El tejido se coloca en una caja oscura durante unos cuantos días o algunas semanas, tiempo durante el cual las partículas emitidas por el isótopo radioactivo chocan con la emulsión sobre los sitios de las células en los que está localizado el isótopo. La emulsión se revela y fija por técnicas fotográficas, lo que deja pequeños granos de plata sobre las porciones expuestas de la emulsión. A continuación el ejemplar se sella con un cubreobjetos y se observa al microscopio.

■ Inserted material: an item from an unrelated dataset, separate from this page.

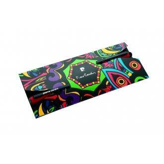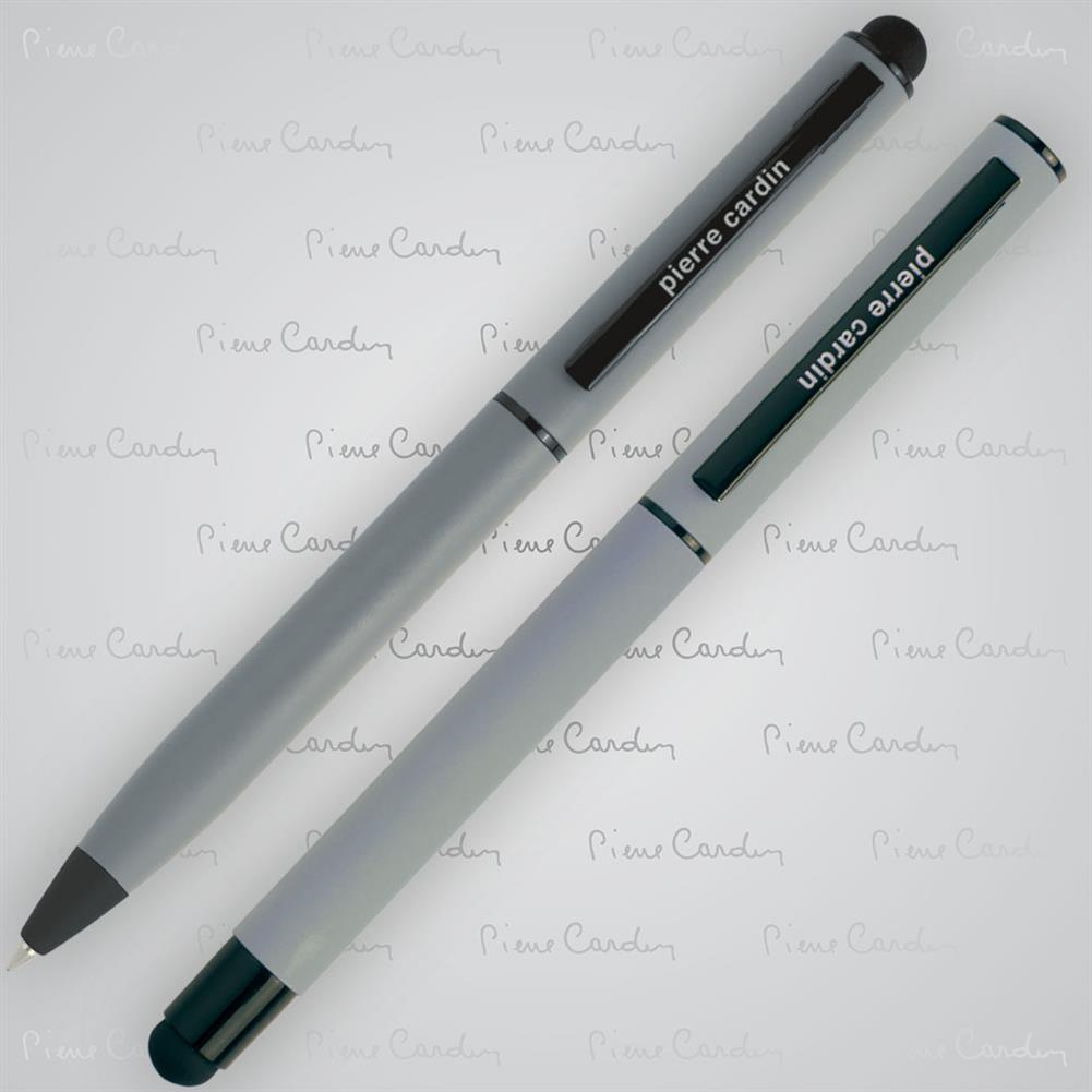 Zestaw piśmienniczy w modnych, intensywnych kolorach, składający się z długopisu oraz pióra kulkowego. Obydwa artykuły posiadają przyjemną w dotyku powierzchnię soft touch i czarne detale oraz funkcję touch pen. Długopis wyposażony w niebieski wkład (0,7 mm), a pióro kulkowe w niemiecki wkład Schneider piszący na niebiesko (0,5 mm). Całość zapakowana w eleganckie etui prezentowe z certyfikatem autentyczności Pierre Cardin.

Se ha empleado este método para vigilar la incorporación de prolina como función del tiempo, a la membrana basal subyacente a las células endodérmicas del saco vitelino (fig. 1-6L). Se empleó una adaptación del método de autorradiografía para el microscopio electrónico a fin de demostrar que la prolina tritiada aparece primero en el citosol de la células endodérmicas, viaja a continuación hacia el retículo endoplásmico rugoso, pasa después al aparato de Golgi, luego se incluye en vesículas y, por último, se incorpora en la matriz extracelular (fig.1-7t). De esta manera se demostró, por medios visuales, la sucesión de acontecimientos que se producen en la síntesis de colágena, proteína principal de la membrana basal.

Microscopia electrónica

En los microscopios de la luz, las lentes ópticas enfocan la luz visible (luz de fotones). En los microscopios electrónicos son electomagnetos los que enfocan un haz de electrones. Como la longitud de onda de un haz de electrones es mucho más corta que la de la luz visible, los microscopios electrónicos son capaces en teórica de resolver dos objetos separados por 0.005 nm entre sí. En la práctica la resolución del microscopio electrónico de transmisión es de cerca de 0.2 nm, más de 1 000 veces la resolución del microscopio de la luz compuesto. La resolución del microscopio electrónico de barrido es de cerca de 10 nm, mucho menos que la de los instrumentos de transmisión. Más aún, los microscopios electrónicos modernos pueden amplificar un objeto hasta 150 000 veces; esta amplificación es lo suficientemente poderosa para ver las macromoléculas individuales como el DNA y la miosina.

Microscopia electrónica de transmisión

La preparación de tejidos para microscopia electrónica de transmisión (MET) abarca las mismas etapas básicas que la microscopia de luz. Se han desarrollado fijadores especiales para el empleo de la MET, puesto que el mayor poder de resolución del microscopio electrónico requiere enlaces cruzados más finos y más específicos de las proteínas. Estos fijadores, que incluyen soluciones amortiguadas de glutaraldehído, paraformaldehído, tetróxido de osmio y permanganato de potasio, no sólo preservan los detalles estructurales finos, sino que también actúan como tinciones electrón-densas, que permiten la observación del tejido con el haz de electrones.

Como estos fijadores penetran en los tejidos frescos incluso menos que los que se emplean en la microscopia de luz, se infiltran fragmentos relativamente pequeños de tejidos en grandes volúmenes fijadores. Los bloques tisulares para la MET no suelen medir más de un milímetro cúbico. Se han desarrollado medios adecuados de embebimiento, como resina epóxica; los tejidos embebidos en plástico se pueden cortar hasta cortes ultradelgados (de 25 a 100 nm de espesor) que no absorben el has de electrones.

Los haces de electrones se producen en una cámara de vacío mediante calentamiento de un filamento de tungsteno, llamado cátodo. A continuación los electrones resultan atraídos hacia el ánodo, de carga positiva, que es una placa metálica en forma de rosca con un agujero central.